Ethereum Nodes and Clients: A Complete Guide

The terms “Ethereum client” and “Ethereum node” are often used interchangeably but there is a difference.

AccessTimeIconOct 8, 2021 at 4:33 p.m. UTC
Updated Mar 8, 2024 at 4:33 p.m. UTC

In the computing world, a “client” refers to any type of software that is downloaded onto your computer and helps you interact with another type of software or service provided by a server. For example, Gmail is a software client that connects to an email server and allows users to send and receive emails.

An Ethereum client is the software needed to allow Ethereum nodes to read blocks on the Ethereum blockchain and Ethereum-based smart contracts. A “node” is the running piece of the client software. In order to run a node, you have to first download an Ethereum client application.

What are Ethereum nodes?

A “node” is a computer that performs a certain function on the Ethereum network and runs client software in order to do so. Depending on what your specific needs are, whether it be a decentralized application (dapp) or a wallet, there are three different types of nodes that can be run by any client: full nodes, light nodes and archive nodes. Each node will interpret data differently and offer different methods for synchronization – this refers to how quickly your node is able to retrieve updated information for your client to interpret.

  • Full nodes are full of data; they store and can distribute all of the blockchain data from the Ethereum network. A full node will additionally participate in block validation (i.e. verify all blocks and states on the network).

An advantage of implementing a full node is that it can directly interact with any smart contract on the public blockchain.
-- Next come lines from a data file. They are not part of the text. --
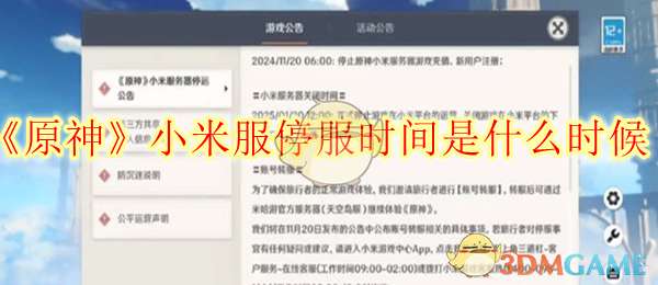 原神小米服停服时间是什么时候?就在近期原神小米服发布了停服的公告,而小米服目前也已经关闭了注册和充值的通道,很多玩小米服的玩家都想知道具体的停服时间,想提前做好转移到官服的准备,今天小编就带大家一起来看看详细的介绍吧。
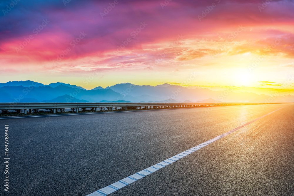 Empty asphalt highway road and mountain range silhouette with beautiful sky cloud at sunset
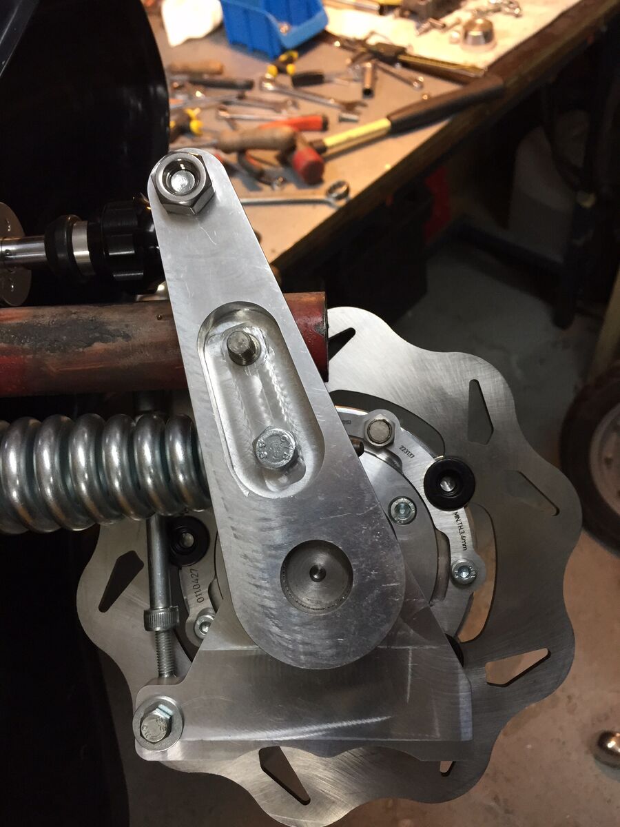 Die Schwinge ist verpresst und die letzten Schweissereien sind erledigt.. Zeit, einmal alles zusammen zu bauen. Doof nur dass der Winkel der Schubstange so nicht funktioniert. Jemand, der sich besser auskennt, als ich hat mich darauf aufmerksam gemacht, dass das so alles Käse ist. Also noch mal nachgedacht und ein wenig rumprobiert, jetzt gehts.
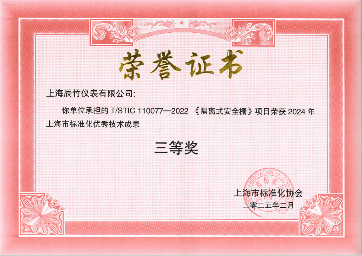 辰竹主導(dǎo)制定的 T/STIC 110077—2022《隔離式安全柵》團(tuán)體標(biāo)準(zhǔn)榮獲2024年上海市標(biāo)準(zhǔn)化優(yōu)秀技術(shù)成果三等獎(jiǎng)。2025年2月26日,以“標(biāo)準(zhǔn)引領(lǐng)未來(lái),協(xié)作共促發(fā)展,不斷開創(chuàng)上海市標(biāo)準(zhǔn)化建設(shè)新局面”為主題的上海市標(biāo)準(zhǔn)化協(xié)會(huì)十屆三次會(huì)員代表大會(huì)召開,并對(duì)2024年上海市標(biāo)準(zhǔn)化優(yōu)秀成果進(jìn)行表彰。

Full nodes can also directly deploy smart contracts into the public blockchain.

However, the full use and storage of data, as well as direct smart contract functionality, comes at a cost. Full nodes can be taxing on your computer’s hardware and bandwidth resources. Retrieving full data can also be very time consuming, sometimes taking multiple days to sync your data when the node is first deployed. Then, the node must be maintained, upgraded and kept online in order to not have to repeat the full synchronization process.

  • Light nodes are similar to the full node but handle less information. The light node stores header chain information (basic information stored in a block such as a timestamp and the hash of the previous block,) but will only receive additional information upon request. They are able to verify the validity of data but do not fully participate in block validation. Light nodes are almost always implemented within remote clients. Because these nodes do not take on more intensive data storage and writing processes, they have proven to be useful for low-capacity devices like smartphones.
  • Archive nodes are nodes that store all of the information that a full node does and builds an archive of historical blockchain states. Archive nodes will retain historical data even after a client has finished synchronization. Full and light nodes, on the other hand, will “prune” the historical blockchain data, meaning they can rebuild, but do not retain this information.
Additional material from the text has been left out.